Title: Red Sister
Author: Mark Lawrence
Rating: 4.5/5 Stars
Series? Yes, 1 of 3
Disclaimer: I received an advanced reading copy of this book from the Harper Voyager Australia in exchange for an honest review.
From its very first lines, Red Sister had me hooked and wholly invested. It promised warrior nuns, political and religious intrigue, along with a cast filled to the brim with complex ladies. Red Sister delivered on all counts. I especially loved its exploration on relationships between females, from friendship, to mentorship, to rivalry.
It is important, when killing a nun, to ensure that you bring an army of sufficient size. For Sister Thorn of the Sweet Mercy Convent, Lano Tacsis brought two hundred men.
The first lines of Red Sister are some of the most captivating I’ve read in several years, and it sets the tone for the entire book. Mark Lawrence’s writing style is meticulous and vivid, his sentences pulse with life and intrigue. In particular, I love the way he writes action scenes – I’ve admitted several times in the past that I am not a particularly visual reader when it comes to fight scenes, but Lawrence’s writing are cinematic even to someone like myself.

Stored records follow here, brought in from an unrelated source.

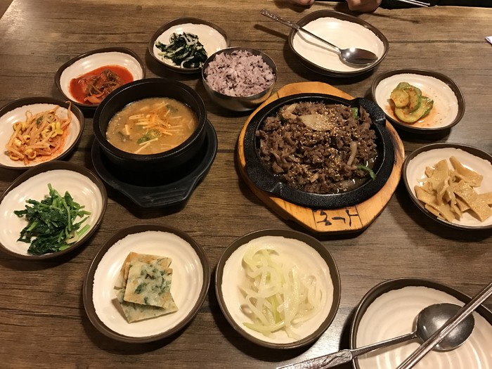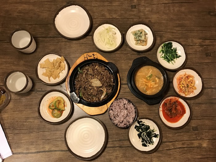 年夜晚当然吃传统的啊,去新沙吃杜小姐介绍的韩式传统套餐,依然很多港人呢,还有很多韩国人。只可以刷visa和现金。那天除夕满早关门的,好像9点就关门,拍完照我跟我姐狼吞虎咽,挺好吃的真的有种吃家里饭的感觉,点人传统韩餐1人份和粉丝牛肉泡菜汤。[出地铁跟着导航走就可以]
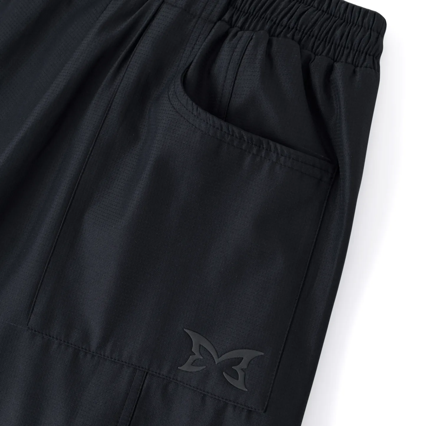 The Mertra Tech Joggers (Black) deliver a clean fusion of comfort, mobility, and technical streetwear design. Built with a lightweight poly tech shell and breathable mesh lining, these joggers provide smooth airflow and durability for everyday movement Reflective high-frequency logos add sharp visibility, while the asymmetrical paneling gives a modern edge to the silhouette. The wide-leg, relaxed structure ensures a premium baggy fit that stays comfortable all day. An interior waist drawcord and ankle toggles allow full control over shaping and style. A signature rear pocket completes this versatile essential.
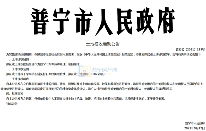 为实施城镇建设规划,保障我市经济社会发展用地需求,近日市政府发布了三则土地征收启动公告,分别位于池尾(楼盘详情户型图相册地图)街道多年山、军埠镇石桥头村、下架山镇横溪村郑家村,合计96.4亩,获批后分别作为普宁二中附属学校、普宁市军埠污水处理厂项目、普宁市下架山水质净化厂项目用地。具体内容如下:
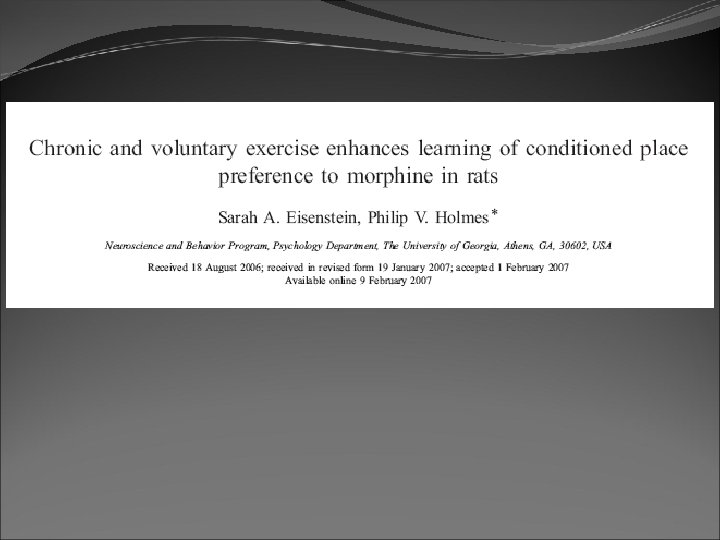 Running rats exhibit withdrawal signs (increased aggression) when access to the running wheel is denied. DFos B – up-regulated in reward pathways after addictive drugs and voluntary wheel running. DFos B over-expression increases running activity and increases sensitivity to rewarding effects of morphine. Rodents display conditioned preference to an environment associated with running “after-effects” Attenuated by naloxone. Repeated activation of opioid systems by running could possibly change sensitivity to morphine.
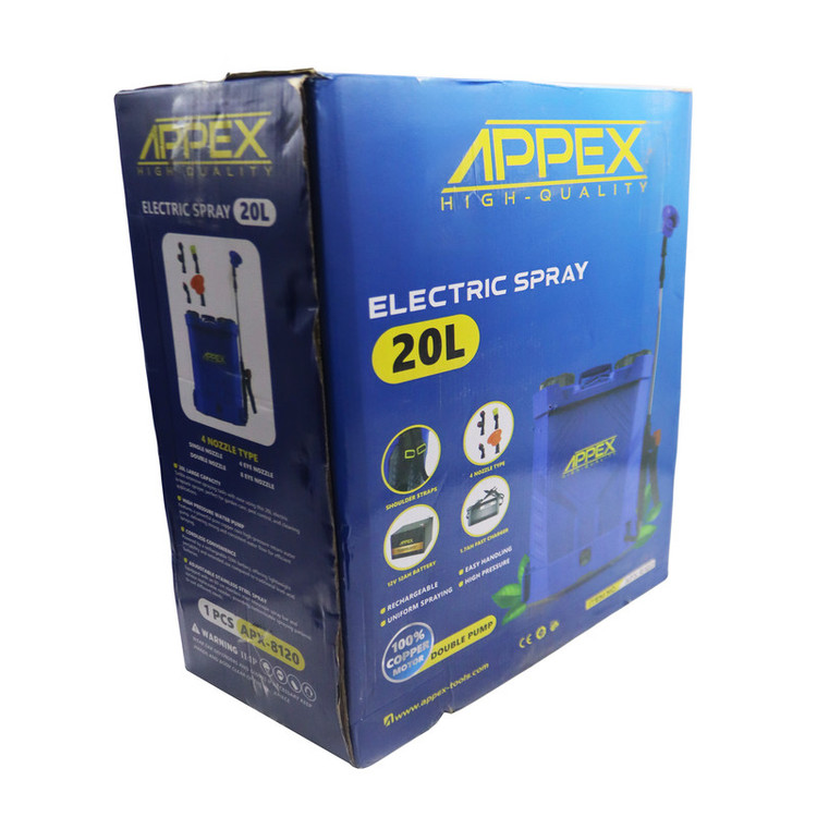 - سمپاش 20 لیتری اپکس - مجهز به دو پمپ قدرتمند ۱۲ولتی بابازدهی بالا میباشد - دارای قابلیت ۳حالته اسپری مه پاش عمودی و افشان میباشد. - دارای مخزن۲۰لیتری ساخته شده از پلاستیک مقاوم و مستحکم است و دربرابر اشعه ماورالبنفش مقاوم میباشد. - کیفیت بالا
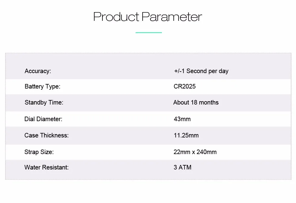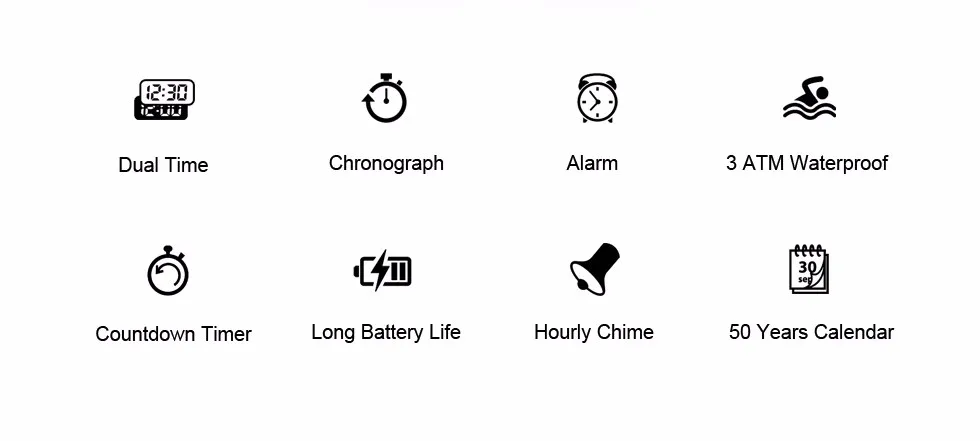 Водонепроницаемость 30 метров--Часы водонепроницаемы до 3 АТМ. Без проблем носить наши часы во время ежедневного ухода и дождя, кроме плавания, дайвинга и сауны.
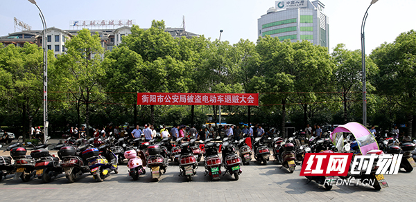 2018年5月4日,衡阳市公安局雁峰分局举行退赃大会,30辆电动车与失主“重逢”。失主刘勇告诉记者,当天上午骑电动车外出办事,将车停在财富广场附近,结果办事回来电动车就不知去向。下午2点到环城南路派出所报案,晚上8点,派出所民警就打来电话说电动车找到了。

Red Sister contains a whole new world, separate from the universe established in Lawrence’s previous two trilogies: The Broken Empire and The Red Queen’s War. We’re thrown into a land by the name of Abeth, populated by descendants from four mythical tribes: the speedy hunska, the solid gerants, the mystical quantal, and the magic-wielding marjals. Children from these bloodline are highly prized as apprentices in the land’s various institutions, be it convents or academies. Nona is one such child – by the time we meet Nona, she’s ready to be hanged for using her power to subdue a nobleman’s son. Through the intervention of the abbess of Sweet Mercy Convent, Nona is allowed to take up the habit – trading death for a future in combat-training and espionage.
Although Nona is only eight years old at the start of the novel, and does not age very much during the course of the novel – her narrative is filled Lawrence’s characteristic bloodshed and darkness. It is still less confronting than his first trilogy, so I think Red Sister is the perfect place to start for those unfamiliar with his work. I also say this because I immediately found myself liking and rooting for Nona, along with her relationships with the women and girls of the convent.

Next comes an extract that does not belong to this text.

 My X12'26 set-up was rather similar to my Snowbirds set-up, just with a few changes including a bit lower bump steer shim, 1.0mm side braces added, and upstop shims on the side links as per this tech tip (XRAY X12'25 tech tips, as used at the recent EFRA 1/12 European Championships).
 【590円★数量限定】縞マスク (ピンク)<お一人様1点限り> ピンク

Harry Potter has primed me to appreciate magical schools in all its form – so it’s little wonder that I fell in love with the Sweet Mercy Convent, the setting for most of this novel. It contains all of the following:
- assassin nuns of various ages and ethnicity and sexual orientation
- an obstacle course that would strike fear in the heart for most acrobats
- 3 meals a day, always described in a way that makes my stomach rumbles
- a teacher who literally poisons her student on the first day of class, Snape could use a lesson from The Poisoner
The Sweet Mercy Convent populated by teachers and students with all manners of characteristic and temperament. I enjoyed watching their interactions with Nona and how it gradually shifted over the years. The relationships I am most invested in are the friendship between Nona and Ara, along with Nona’s complicated relationship with the abbess.
Pacing wise, I felt Red Sister is very much the set-up book – we spent a lot of time establishing characters and the lores of Abeth. This resulted in some sections of the boo to feel a little slow, especially in its second quarter. However, once Nona graduated to Gray Class, I simply could not put the novel down. There are new stakes, an elusive prophecy (still one of my favourite fantasy tropes, especially when it’s being subverted, I can’t help it), and new characters abound. I can’t wait to see where the sequel takes us.
Have you read this or any of Mark Lawrence’s other works? What did you think?